Если Тулюшка так называется оттого, что она притулилась у дороги, то почему все другие деревни так не называются, думала я, читая уплывающие синие указатели «Покосное» и «Зима». Между деревнями в Сибири большие промежутки темной тайги. Здесь же, видела я, на каждом шагу по деревне. В Сибири я знала каждый знак на дороге, здесь их было так много, что они в меня не вмещались. Сначала я пыталась прочитать и запомнить каждое название. Но память тут же отказалась их в себя пускать. Пусть так и будет, думала я. Пусть деревни, реки и остановки просто плывут мимо меня, а я буду на них смотреть. Ведь не запоминаешь каждую снежинку, летящую мимо тебя. Запоминаешь снег. Мне хотелось запомнить эту дорогу как снег. И тогда я перестала читать указатели и, рассредоточив взгляд, сидела, закинув ноги на приборную панель. Одну за другой я тянула сигареты из пачки. МАЗ, груженный трубой, шел тяжело и шумно.


Отец сказал, что идем на Рыбинск, и вставил в магнитолу кассету избранных хитов Михаила Круга. Время перестало иметь значение, оно стало как песня, которую можно раз за разом отматывать назад и слушать ее сначала.
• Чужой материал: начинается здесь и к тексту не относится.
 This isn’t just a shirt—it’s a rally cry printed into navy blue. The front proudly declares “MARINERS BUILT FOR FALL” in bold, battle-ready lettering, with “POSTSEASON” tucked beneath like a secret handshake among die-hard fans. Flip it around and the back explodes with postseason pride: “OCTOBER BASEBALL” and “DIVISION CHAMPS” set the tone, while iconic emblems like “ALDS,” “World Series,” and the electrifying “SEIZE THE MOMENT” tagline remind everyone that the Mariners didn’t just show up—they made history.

Так понимал время отец, для которого большое общее время не имело смысла. Ресторанная скрипка Круга пела в «девяносто девятой» больше десяти лет назад, пела она и сейчас. Мир преображался, потому что он останавливался и становился ясным благодаря этой музыке. Круг запел, и отец от радости зарычал и подпрыгнул на сиденье, держась обеими руками за руль. Эх, закричал отец, мне главное, чтобы солярка была хорошая и груз был. Мне главное ехать. Вот мы и едем, ответила я, смущенная его внезапной радостью. Едем! еще громче закричал отец и со всей силы нажал на кнопку сигнала. МАЗ загудел, и отец захохотал.

Мы притормозили у газетного киоска, и отец взял газет, а поднимаясь в тягач, спросил, хочу ли я есть. Я ответила, что хочу. На вот пока мороженое, сказал он, достав из пакета-майки примятый стаканчик в пластиковой упаковке. Дальше отъедем, будут деревни, возьмем огурцов и хлеба, a ужинать будем уже в Рыбинске, там есть спуск к водохранилищу, поставим Братана и заночуем пару-тройку ночей. Может, к нам кто приедет туда.
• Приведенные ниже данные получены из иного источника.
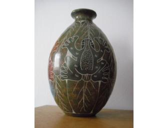 Nicaraguan pottery vase, etched & painted, with frogs & leaves
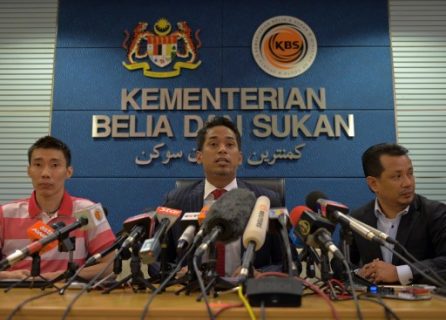 Malaysia’s minister for youth and sports Khairy Jamaluddin (C) speaks as Malaysian badminton player Lee Chong Wei (L) and Badminton Association of Malaysia (BAM) deputy president Norza Zakaria (R) listen during a press conference in Putrajaya on April 27, 2015. AFP / Mohd Rasfan/
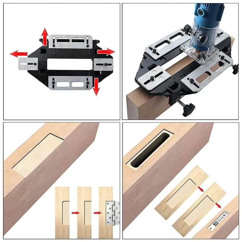 Aluminum Alloy Door Hinge Jig Guide Woodworking Door Hinge Template Slotting Locator Door Lock Jig for Wood Cabinet Kitchen Door Lock Installation
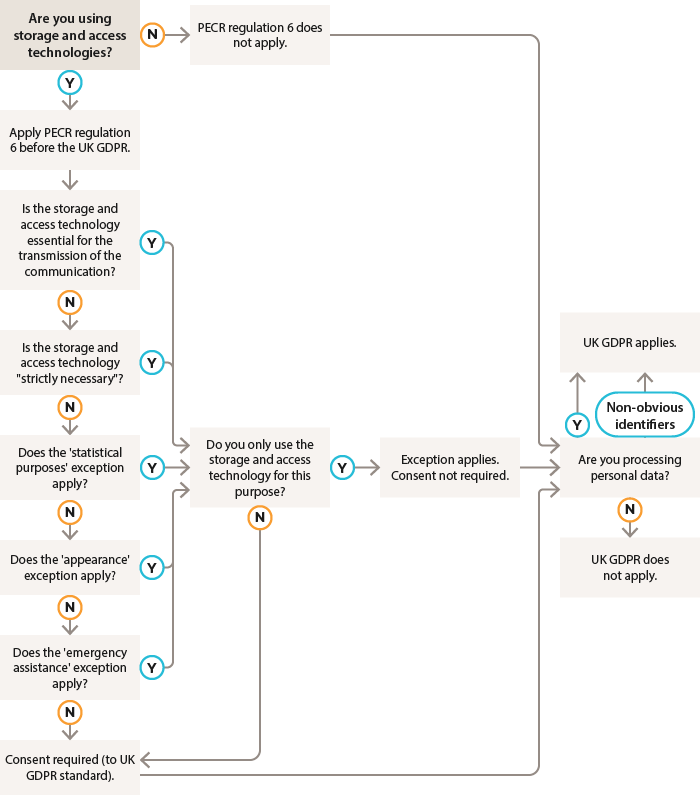 - If you are using storage and access technologies, you must consider PECR compliance before you look to the UK GDPR.
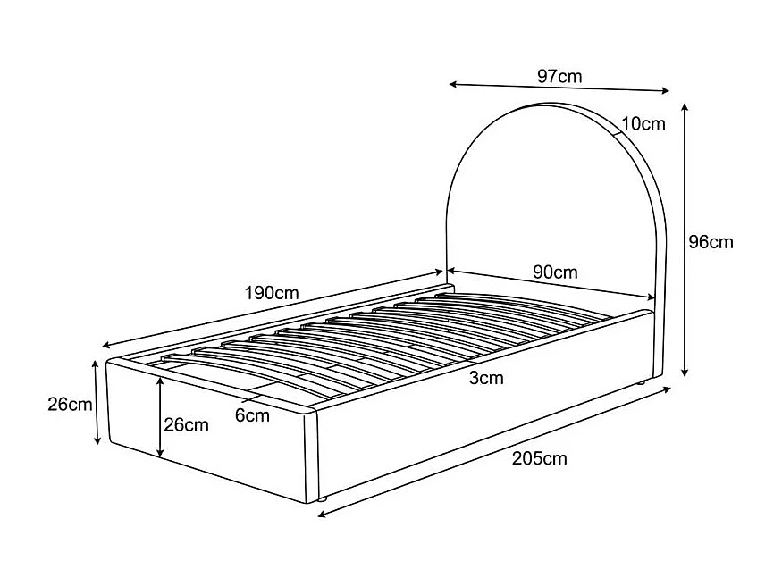 Lit tapissé avec rangement rose 90x190cm
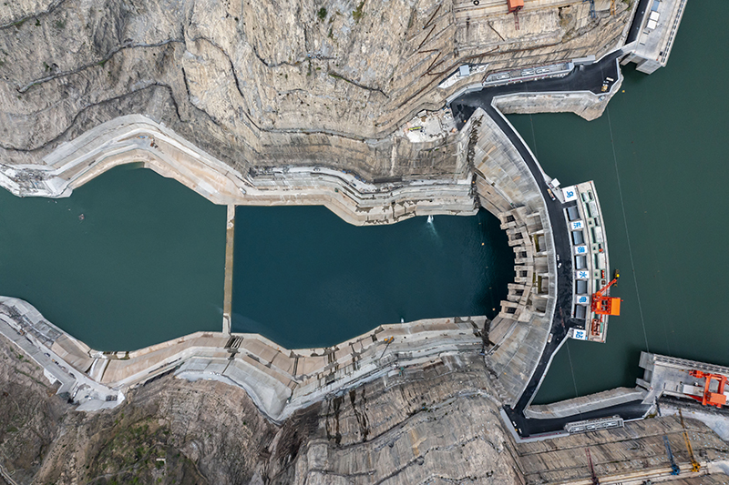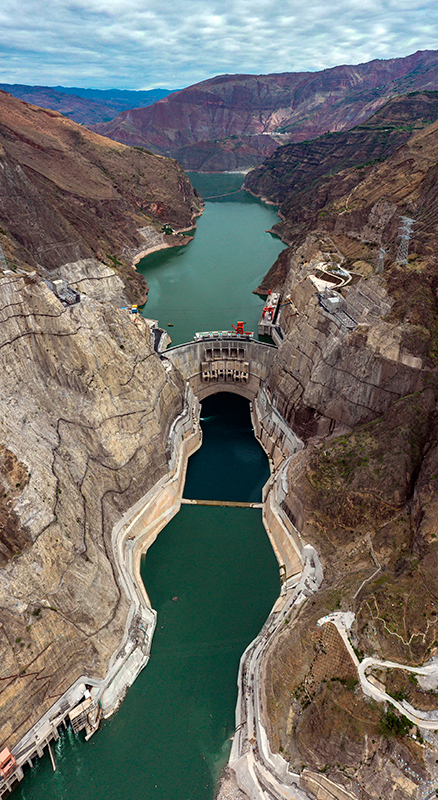 空中俯瞰乌东德水电站全景(6月16日摄,无人机照片)。
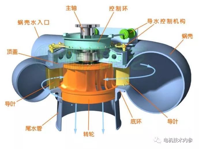 水輪發(fā)電機之結(jié)構(gòu)及安裝方法決定于水輪機之型式。根據(jù)水力資源開發(fā)的情況,水輪機選用三種型式之一:沖擊式、軸流輻流式或旋漿式。種用于高水頭設(shè)備,第二種用于中等水頭,而旋漿式用于利用的水流對水平面落差小的情況。

Я ела мороженое, он одной рукой держал руль, а другой телефон и все время куда-то звонил. В трубку он каждый раз кричал свой план: мы выехали из Владимира, идем по Ярославке и вечером будем в Рыбинске, там разгрузимся и встанем у водохранилища. Все было подчинено его плану, я не имела голоса и права решать. Я спросила, где мы будем ночевать в Рыбинске, он ответил, что спать будем на берегу, там не нужно платить за стоянку, у берега есть вода, а значит, мы сможем набрать ее в канистры и помыться. Я не мылась уже третьи сутки: дорога, жара, дым – все это делало меня тяжелой и недовольной. Мне было непонятно, почему мы должны мыться в водохранилище, но не стала настаивать на изменении его плана. Я не знала этих мест и не имела ни малейшего представления о том, куда мы едем.
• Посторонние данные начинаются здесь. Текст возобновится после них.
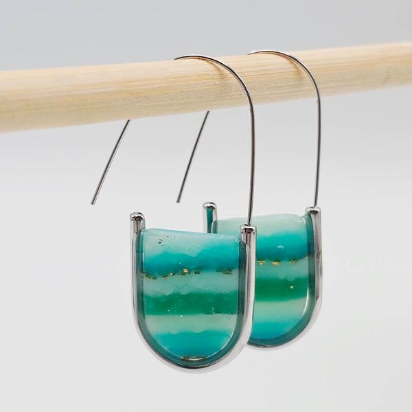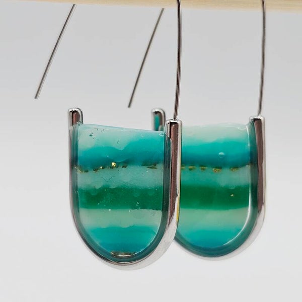 Jedes Paar wird sorgfältig von Hand gefertigt – kleine Unterschiede im Farbverlauf machen jedes Stück zu einem echten Unikat. Das harmonische Zusammenspiel aus Meeresfarben und Metallic-Schimmer erinnert an das Spiel von Sonne und Wasser – ein ideales Accessoire für alle, die das Besondere lieben.

Меня изумляла легкость, с которой отец отнесся к нашей встрече. Он говорил со мной так, как если бы я была мальчишкой на подхвате или чужим человеком, который по непонятной причине зависит от его решений и действий. Сначала и до конца нашей поездки мне было неловко оттого, что он покупал все, что мне было нужно, на свои деньги. С собой у меня был конверт с отпускными, и я рассчитывала на то, что буду их тратить. Но отец запретил мне доставать кошелек.

На въезде в одну из деревень он остановил фуру у прилавка с молоком и ягодами. Мы вместе спустились из тягача и выбрали малосольные огурцы, которые старик положил нам в целлофановый пакет, a также несколько пирожков и баночку ягод. Нагревшиеся на солнце огурцы отдали тепло целлофану, и он запотел. Мы ели их на ходу, и они были сладкие от молодости и пряные от рассола. Всегда здесь беру огурцы, сказал отец, здесь они хорошие, хрустят. Горьковатые попки огурцов мы выбрасывали на обочину. Одной попкой отец в шутку пытался попасть между рогами большого быка, спокойно лежавшего под белой ивой. Отец не попал и разочарованно вздохнул. Бык лежал и не видел волнения дороги.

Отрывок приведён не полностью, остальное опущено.